Obituary: Professor Brian Foss
Thursday 01 January 1998
Interviewed by a former colleague six weeks before he died, Brian Foss called psychology "the most wonderful subject - the best education possible", thus happily endorsing his own choice of subject and career at the end of the Second World War.
Foss's many publications ranged far more widely than his personal research, covering such topics as human conflict, the function of laughter, the control of movement, and biology and art. Interests relating to educational psychology were reflected in publications on the development of moral attitudes and behaviour, and on efficient learning.
His range, his succinct prose style, his energy and his little-paraded but ever-present critical acumen led to his shining success as an editor of scholarly but accessible psychological texts, notably, for Methuen, of The Determinants of Infant Behaviour, volumes i-iv (1961-68) and also, outstandingly, for Penguin Books, where New Horizons in Psychology - which was eventually translated into eight languages - was, in 1965, the first of the 70-odd psychology books to be published by Penguin under his aegis. Under Foss's editorship, the current status of thinking and research in a wide range of areas was described in straightforward language by experts in their fields.
Foss was the son of a Methodist minister. He went up to Cambridge to take a degree in Natural Sciences (Mathematics and Physics), after which he entered military service. At the end of the war he was working in a Military Operations Research Unit whose director led him to explore the library of the National Institute of Industrial Psychology, the storehouse of research into human performance. He then went to the Institute of Experimental Psychology at Oxford to take a Diploma in Psychology, the subject not being dignified by university with degree status until 1949, by which time Foss was a Junior Lecturer there. He proceeded to a Lectureship at Birkbeck College, followed by two Professorships, also at London University, the first in Educational Psychology and the second in Psychology.
Foss's research career developed without pause for a doctoral thesis, and, indeed, at a time when a PhD, far from being de rigueur, was often conspicuous by its absence from the qualifications of the more illustrious academics.

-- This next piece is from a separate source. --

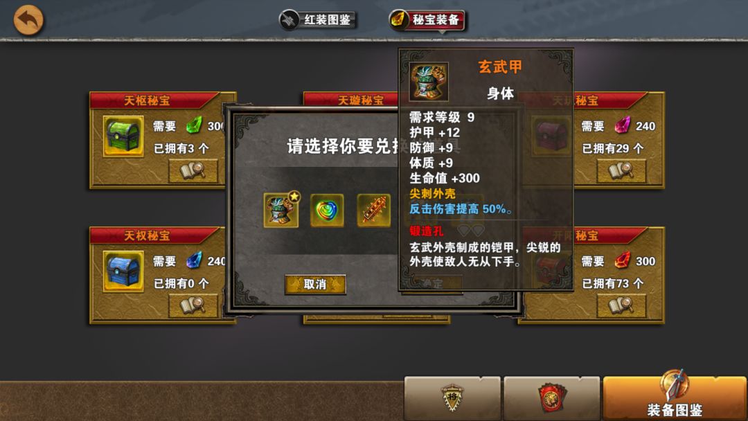 玄武甲,体9防9,生命300,反击伤害增加50%。
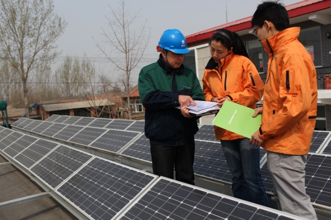 绿色和平建在顺义仓库屋顶的5kw太阳能光伏发电系统。

An early research interest was in human and animal imitation. Foss kept mynah birds in his room at Birkbeck College and their spontaneous reproductions of his telephone, and the sounds of motor cycles starting up outside, did as much as his experimental data to convince him that imitation was a form of learning not dependent on reward.
Innovative investigations into the factors influencing infant development were funded by a series of grants, many for joint research within a specialist neonatal unit set up at St Mary's Hospital, Paddington. Significant work examined the effects of maternal analgesics on neonatal behaviour, and of practice sucking on the feeding skills of pre-term infants.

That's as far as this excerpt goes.